I wouldn't have guessed.

------
GhostVII
Tesla's touch screen interface is probably one of the worst interface
decisions in car history. It takes two taps on your touch screen to just open
a glovebox - in what way is that better than a handle, which is completely
intuitive, way faster, and usable without having to look at a screen. Or their
fans, where you have to use the touch screen to change their direction - why
not just have a tab you can move around like every other car. In my Honda Fit,
I can adjust the temperature and fan direction in about 2 seconds without
taking my eyes off the road. In a Tesla it requires me to look at a screen and
tap like 10 times to navigate the menus.

Touch screens are a much worse interface that physical interfaces in many
cases, especially when you are driving. I don't understand why you would take
away almost all feedback and speed from some control, and consider it
progress.

------
torpfactory
Not sure if everyone's familiar what is actually in the Model 3/Y.

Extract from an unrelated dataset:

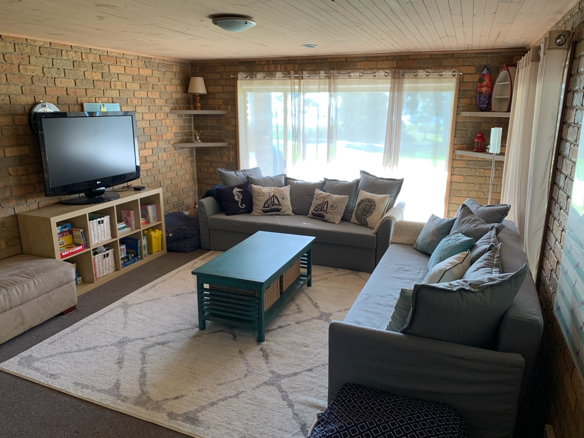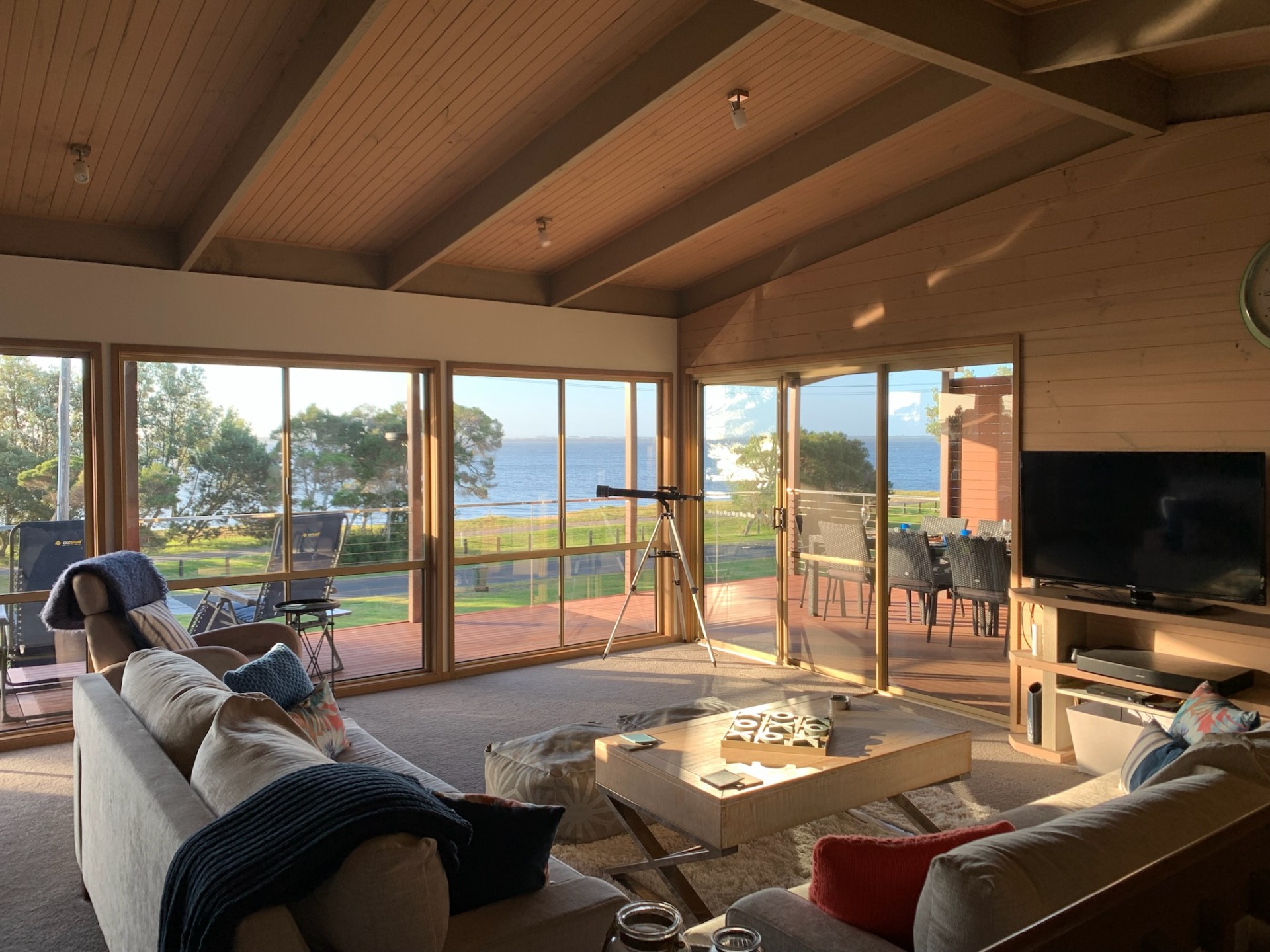 Outside the expansive front lawn has seen many family cricket matches and has plenty of room for additional guests with space for Caravans, Tents and Boats.

\- The main mode of use is 'auto' which uses as its feedback sensor the
forward facing camera (I think only this location, but not 100% sure about
that) located where the rear view mirror attaches to the wind screen. It
covers ~75% of my driving without issue. I think there is a problem with that
sensor location as the boundary layer gets compressed near the apex of the
windscreen, resulting in better mass transport and a drier windscreen than the
part the driver looks through. This camera location is thus a laggy indicator
of rain because it tends to be one of the driest parts of the car. Personally
my experience with the this feature is a good advertisement not to get full
self driving yet: If you can only answer the question "Is it raining?"
accurately 75% of the time with cameras, you've probably got a long way to go
on FSD.

\- There is a physical button on the end of the left stalk. You press it to
get 'wipe once'. If you need to respond quickly to a sudden burst of rain or
the driver next to you goes through a big puddle, you can do that without the
touchscreen.

\- The physical button push also brings up the wiper control on the
touchscreen, which is otherwise behind one (non physical) button which is
always on the screen. The touchscreen controls include manual control of
wipers on/off/auto and wiper speed.

\- There is also voice control which seems to work fine. As with many voice
control systems, you have to say a specific phrase, which presents a discovery
problem: how do users learn that phrase unless they're the kind of people who
search out documentation on the internet. I'd also wager many drivers haven't
gotten used to the idea of voice control of car features so they're not well
utilized in general.

And for your consideration, my opinion: It works fine most of the time
(because I just leave it in auto), but I occasionally need to tap the physical
button to get an extra wipe. Sometimes when it is very lightly raining I need
to manually set the speed since the feedback system doesn't seem to do a good
job in that scenario. The touchscreen feels pretty accurate and responsive, so
I've never had trouble hitting the button while in motion. I think Tesla
should release a software update to let the user 'double tap' the physical
button to force the wipers 'on-high' for the rest of the journey.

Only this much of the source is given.